Gettler often had to create new tests to isolate poisons. He regularly experimented by poisoning raw liver and attempting to isolate ever-smaller amounts of poison from it. These tests often involved mashing or liquifying tissue, followed by such tests as crystal formation, melting and boiling point analysis, color reactions, and titration. In 1935, Gettler was the first scientist to use a spectrograph in a criminal investigation in order to prove that the thallium that had poisoned the four children of Brooklyn bookkeeper Frederick Gross did not come from cocoa powder Gross had brought home from work. A previous chemical test had mistaken copper contamination from the box for thallium leading to Gross's arrest. The examiners eventually concluded that his wife had murdered the children before dying herself of encephalitis.
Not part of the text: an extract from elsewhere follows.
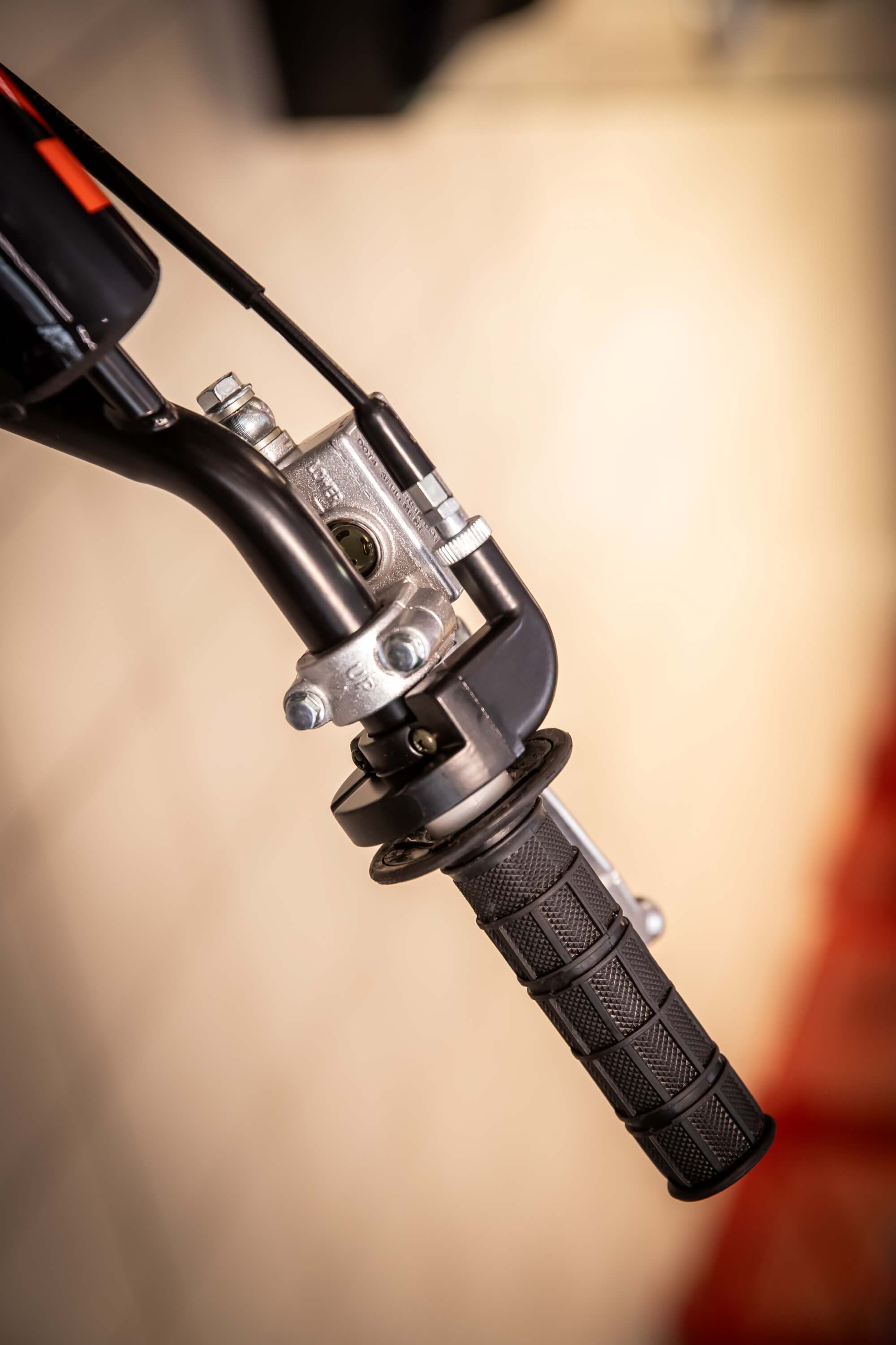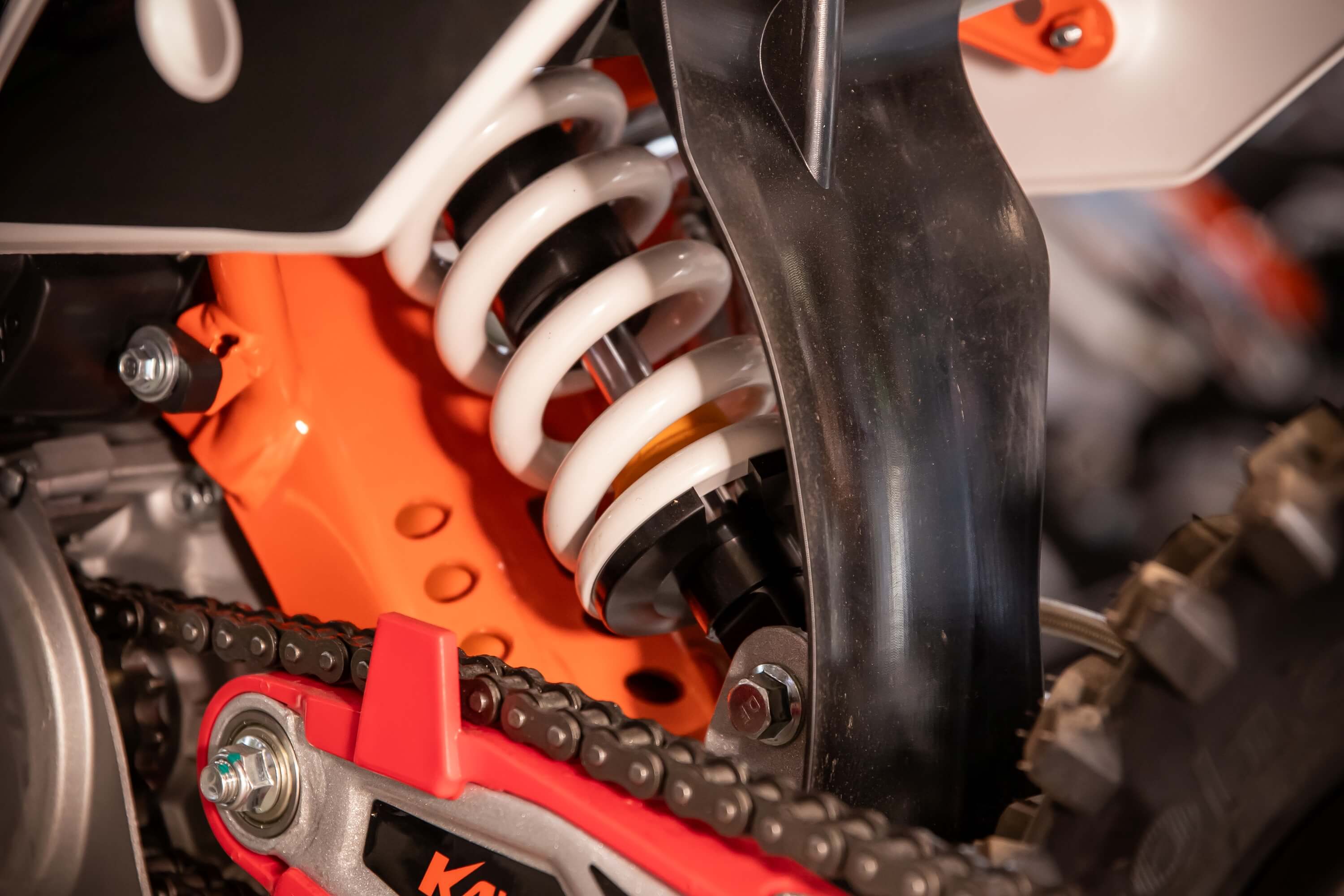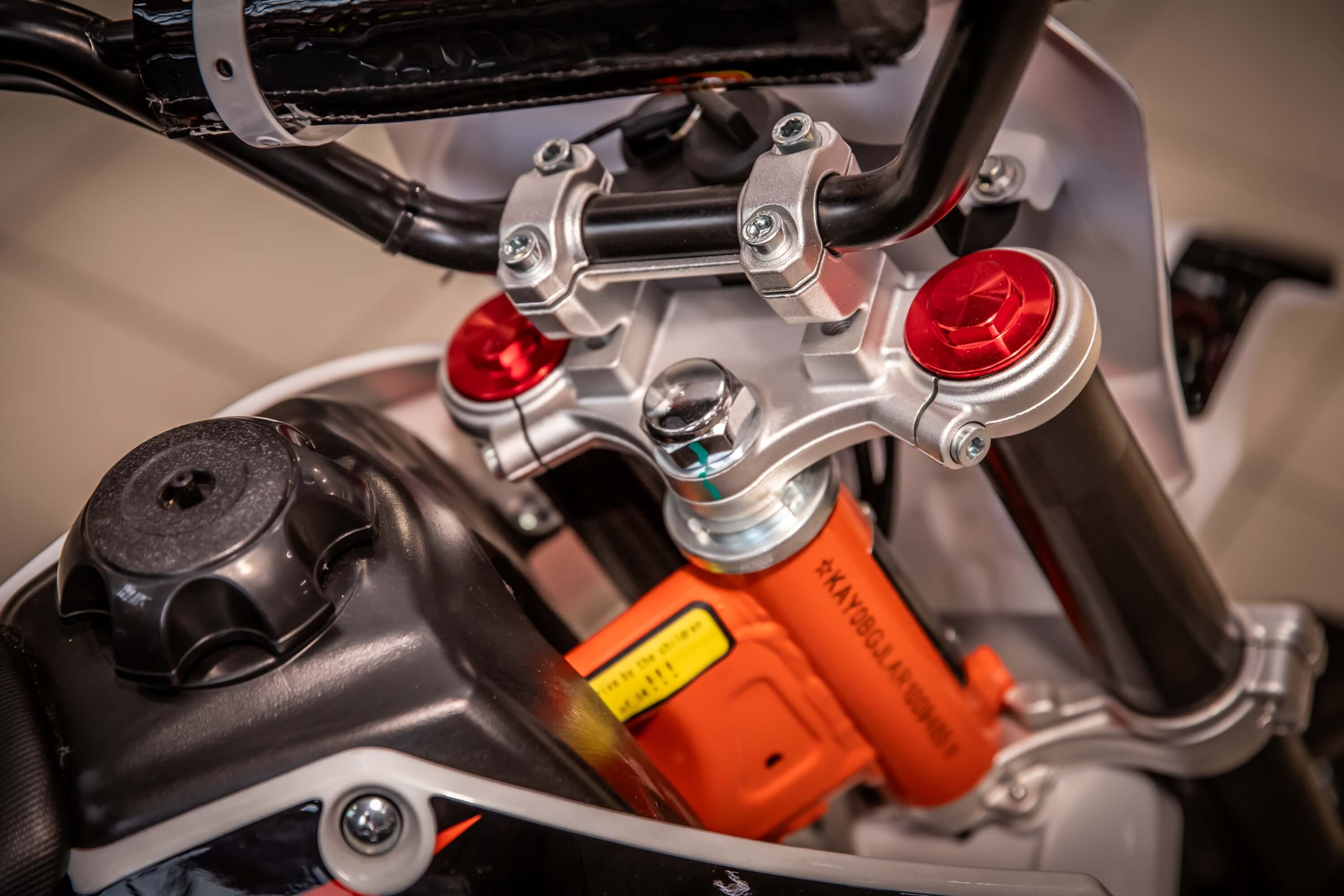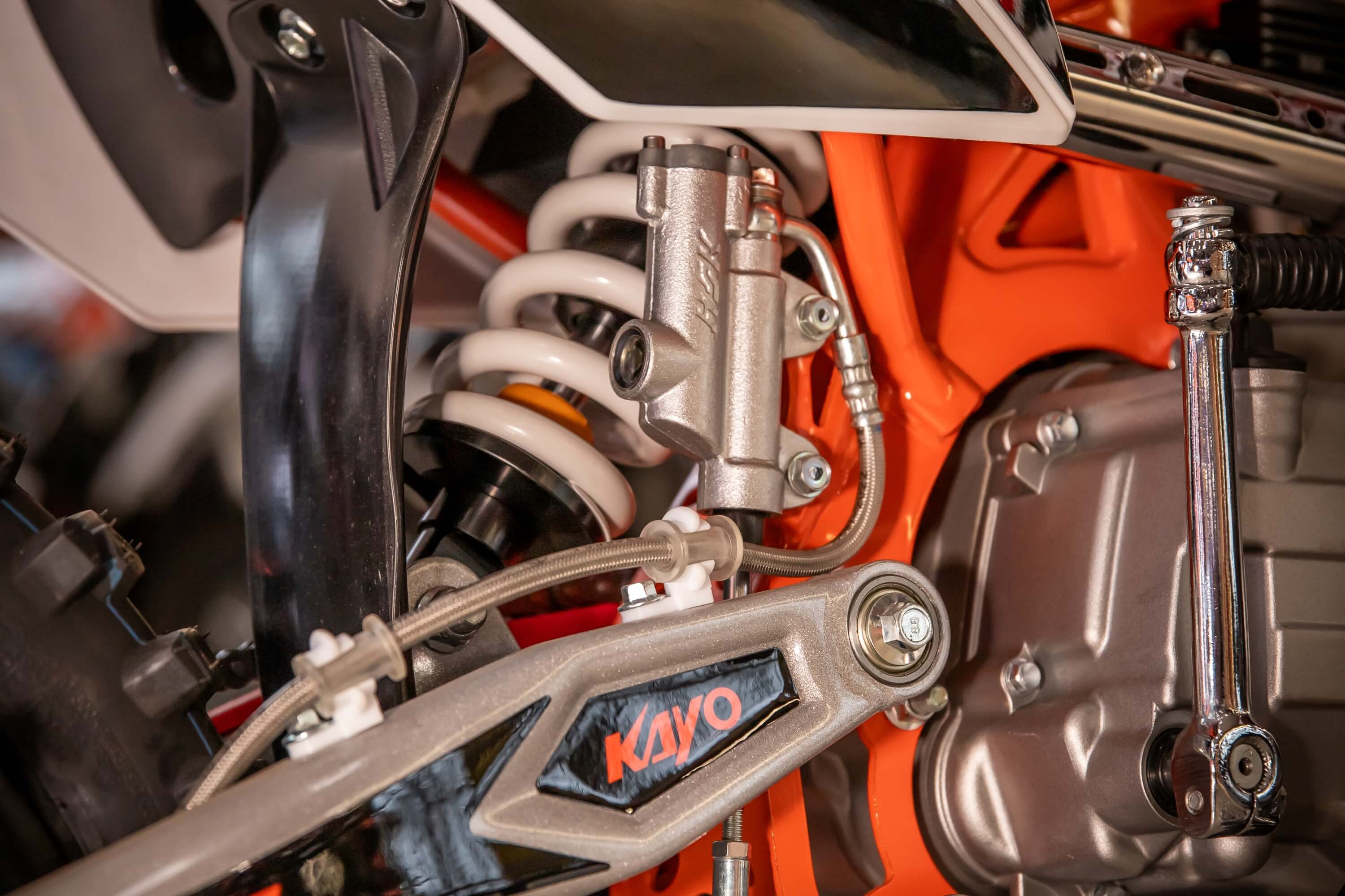 Аппарат имеет вес всего 65 кг и большой клиренс 265 мм. Рама и пластик являются собственной разработкой производителя. Усиленная рама из хроммолибденового сплава и выносливая подвеска позволяют легко проходить сложные трассы и приземления после прыжков. Передняя подвеска представлена телескопической вилкой длиной 660 мм, а сзади используется моноамортизатор 310 мм.

In addition to this, Gettler wrote numerous papers on isolating poisons such as benzene from human bodies. In 1933, Gettler was among the first to recognize a normal endogenous presence of carbon monoxide in the human body and was the first to suggest the human gut microbiome as a contributing source.

Gettler often had to work for low pay, due to severe budget cuts to the toxicology office.

== Teaching ==
In the 1920s, Gettler took the post of professor of chemistry at Washington Square College of New York University. At the same time he held a post at the New York University Graduate School. Gettler established a toxicology course in 1935 at the City College of New York. He retired from teaching in 1948, when he reached the mandatory retirement age.

== Later life and death ==
Gettler retired from the office of the medical examiner on January 1, 1959, when he was 75. He remained interested in toxicology until he died due to a terminal illness approximately ten years after retiring.